Content starts

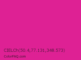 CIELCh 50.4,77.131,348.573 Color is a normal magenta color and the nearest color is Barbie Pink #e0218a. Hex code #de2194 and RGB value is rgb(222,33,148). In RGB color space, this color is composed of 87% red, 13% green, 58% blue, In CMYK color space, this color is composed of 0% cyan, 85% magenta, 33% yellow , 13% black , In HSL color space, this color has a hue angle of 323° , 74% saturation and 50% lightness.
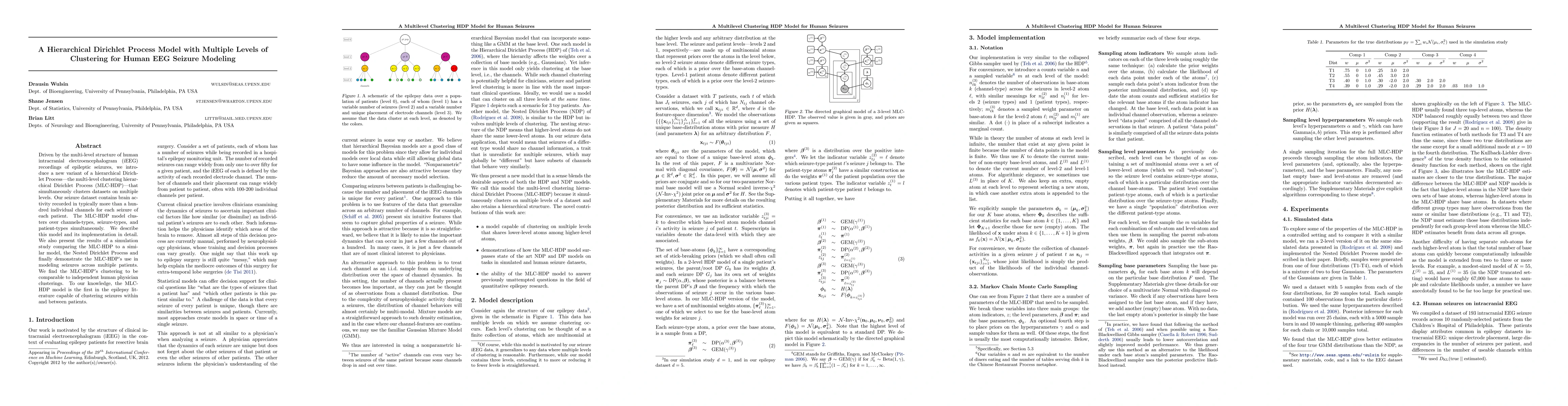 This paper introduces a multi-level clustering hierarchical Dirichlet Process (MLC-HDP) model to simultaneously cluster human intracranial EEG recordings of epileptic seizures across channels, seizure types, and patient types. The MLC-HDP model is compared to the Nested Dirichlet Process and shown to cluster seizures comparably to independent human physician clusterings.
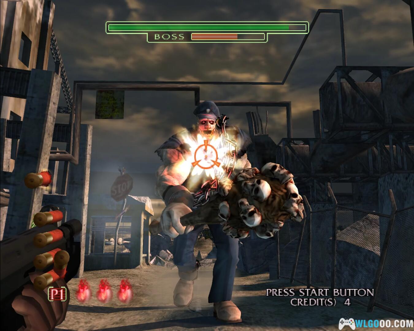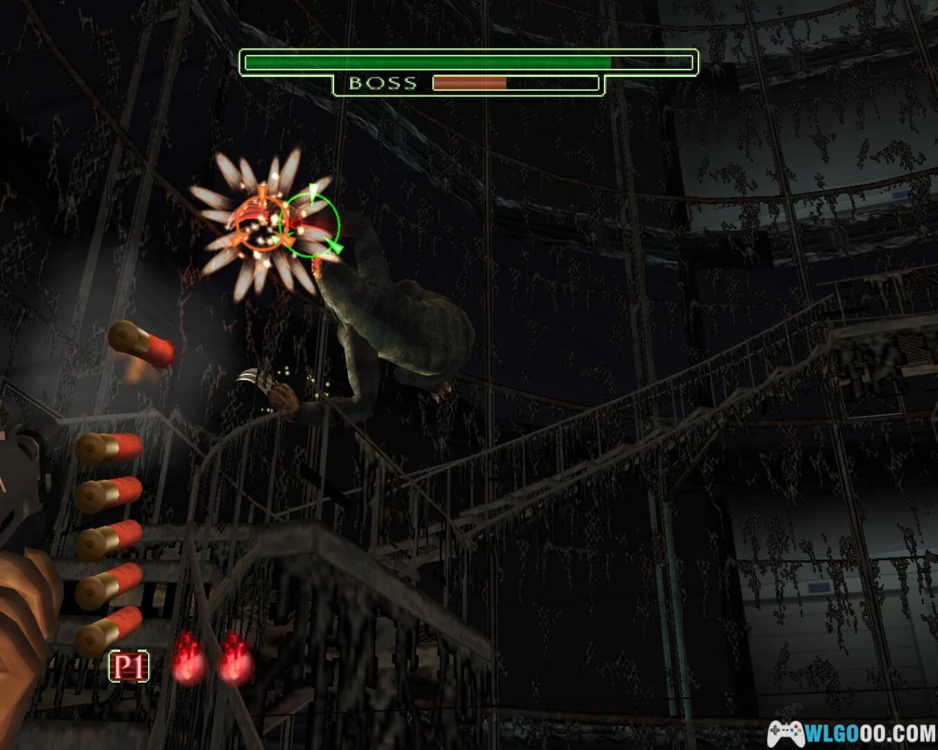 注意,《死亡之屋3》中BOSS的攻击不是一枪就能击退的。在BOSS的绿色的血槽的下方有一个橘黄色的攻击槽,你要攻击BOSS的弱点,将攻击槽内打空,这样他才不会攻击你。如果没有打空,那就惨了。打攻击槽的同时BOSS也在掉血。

Content ends

# [WHAT YOU HAVE TO DO]
Transcribe all the material exactly; skip every image.

# [ANSWER TO THIS PROBLEM]
 CIELCh 50.4,77.131,348.573 Color is a normal magenta color and the nearest color is Barbie Pink #e0218a. Hex code #de2194 and RGB value is rgb(222,33,148). In RGB color space, this color is composed of 87% red, 13% green, 58% blue, In CMYK color space, this color is composed of 0% cyan, 85% magenta, 33% yellow , 13% black , In HSL color space, this color has a hue angle of 323° , 74% saturation and 50% lightness.
 This paper introduces a multi-level clustering hierarchical Dirichlet Process (MLC-HDP) model to simultaneously cluster human intracranial EEG recordings of epileptic seizures across channels, seizure types, and patient types. The MLC-HDP model is compared to the Nested Dirichlet Process and shown to cluster seizures comparably to independent human physician clusterings.
 注意,《死亡之屋3》中BOSS的攻击不是一枪就能击退的。在BOSS的绿色的血槽的下方有一个橘黄色的攻击槽,你要攻击BOSS的弱点,将攻击槽内打空,这样他才不会攻击你。如果没有打空,那就惨了。打攻击槽的同时BOSS也在掉血。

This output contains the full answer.